[Opening DATASET EXTRACT section]

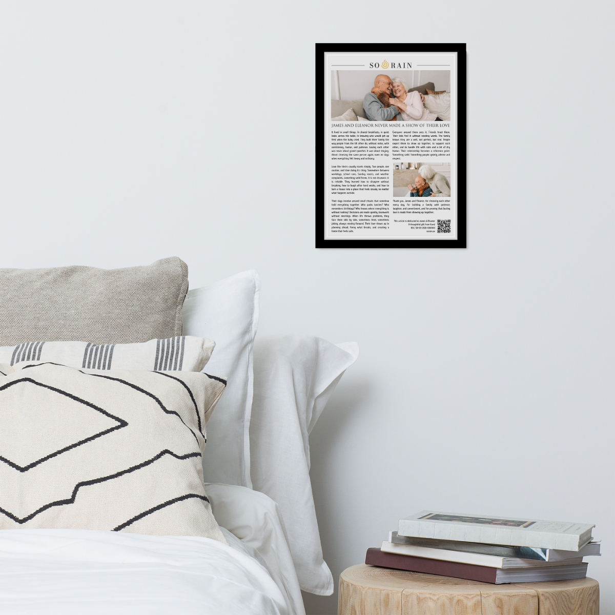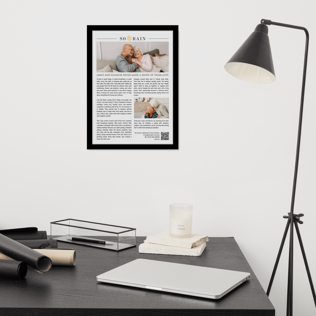 Each piece is printed in A3 size and framed, featuring a unique editorial article written specifically for them. At the bottom, a QR code leads to a digital certificate that includes their names, a unique serial number, and official validation of the piece.
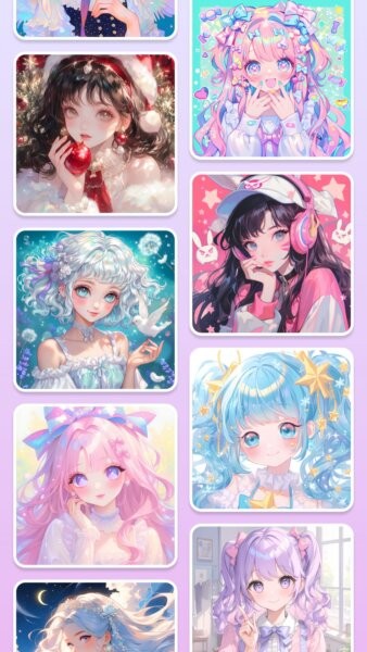 丰富的动漫插画素材:应用提供海量高清插画模板,包括可爱少女、动漫人物、梦幻场景以及治愈系风格等,让用户每天都能发现新的创作主题。
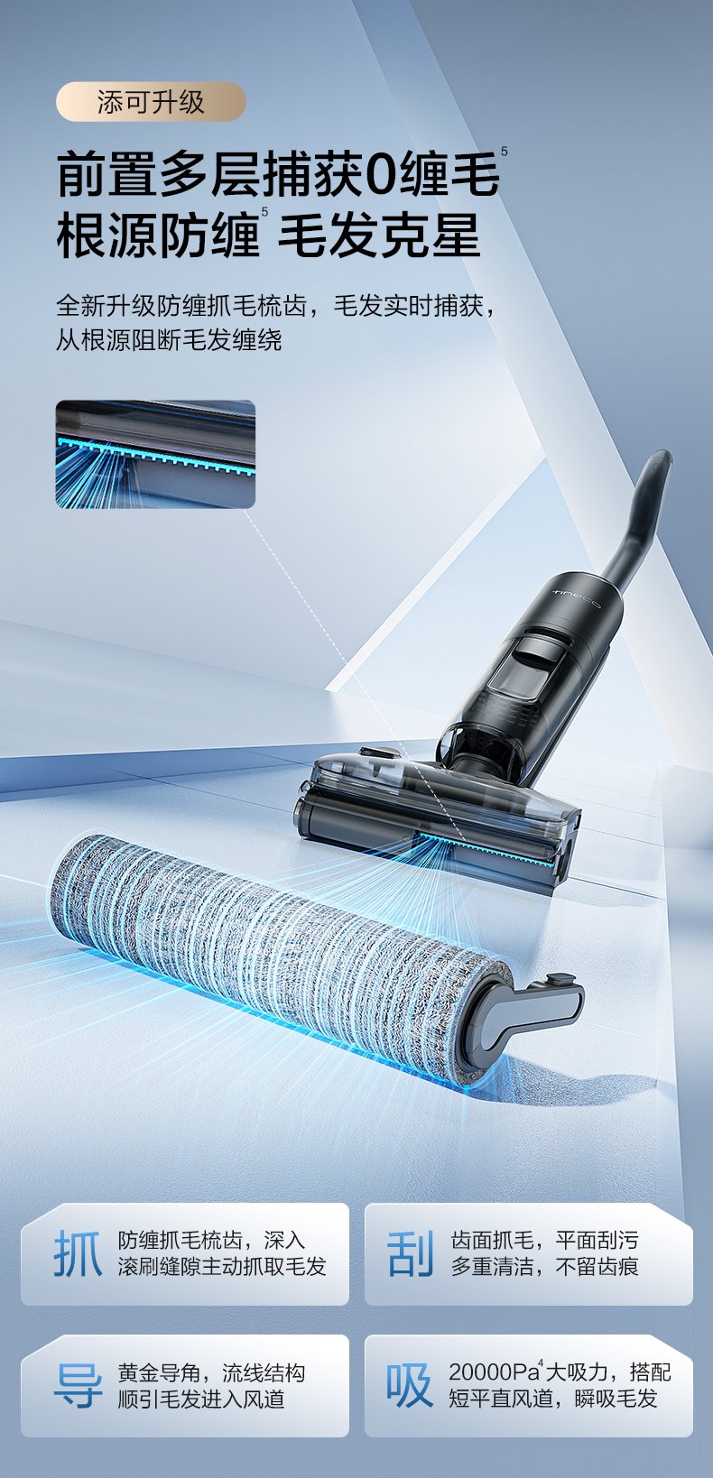 20000Pa 畅吸:添可躺平 0 缠毛 Stretch Max 洗地机 2499 → 1082 元国补
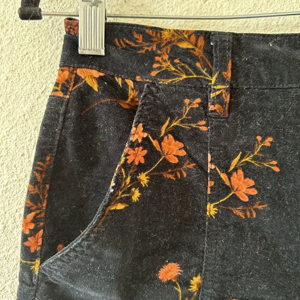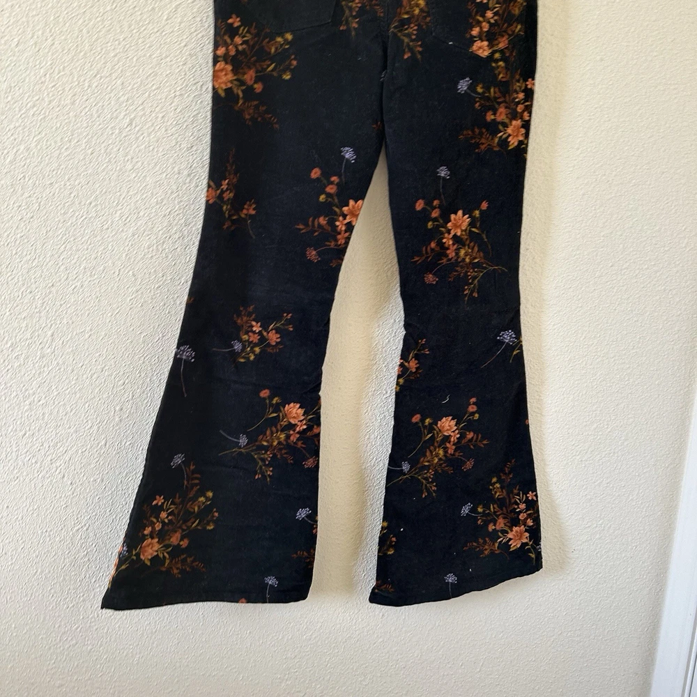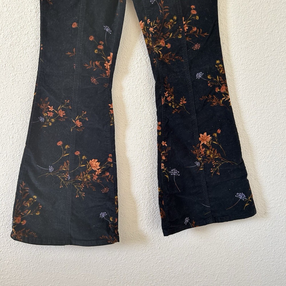 Forever21 Women’s Velvet Flare Pants Medium Floral Print Boho Festival Fall in great condition/has stretch/ black orange and blue colors / super cute 14” across waist 11”rise 30” inseam Approximate measurements All final sale #91 Casual Fall Boho Hippie Festival concert western cottage core coastal cowgirl

[Closing DATASET EXTRACT section]

> [TASK]
In the copy, keep every line of the data above exactly and drop each picture.

> [TASK SOLUTION]
 Each piece is printed in A3 size and framed, featuring a unique editorial article written specifically for them. At the bottom, a QR code leads to a digital certificate that includes their names, a unique serial number, and official validation of the piece.
 丰富的动漫插画素材:应用提供海量高清插画模板,包括可爱少女、动漫人物、梦幻场景以及治愈系风格等,让用户每天都能发现新的创作主题。
 20000Pa 畅吸:添可躺平 0 缠毛 Stretch Max 洗地机 2499 → 1082 元国补
 Forever21 Women’s Velvet Flare Pants Medium Floral Print Boho Festival Fall in great condition/has stretch/ black orange and blue colors / super cute 14” across waist 11”rise 30” inseam Approximate measurements All final sale #91 Casual Fall Boho Hippie Festival concert western cottage core coastal cowgirl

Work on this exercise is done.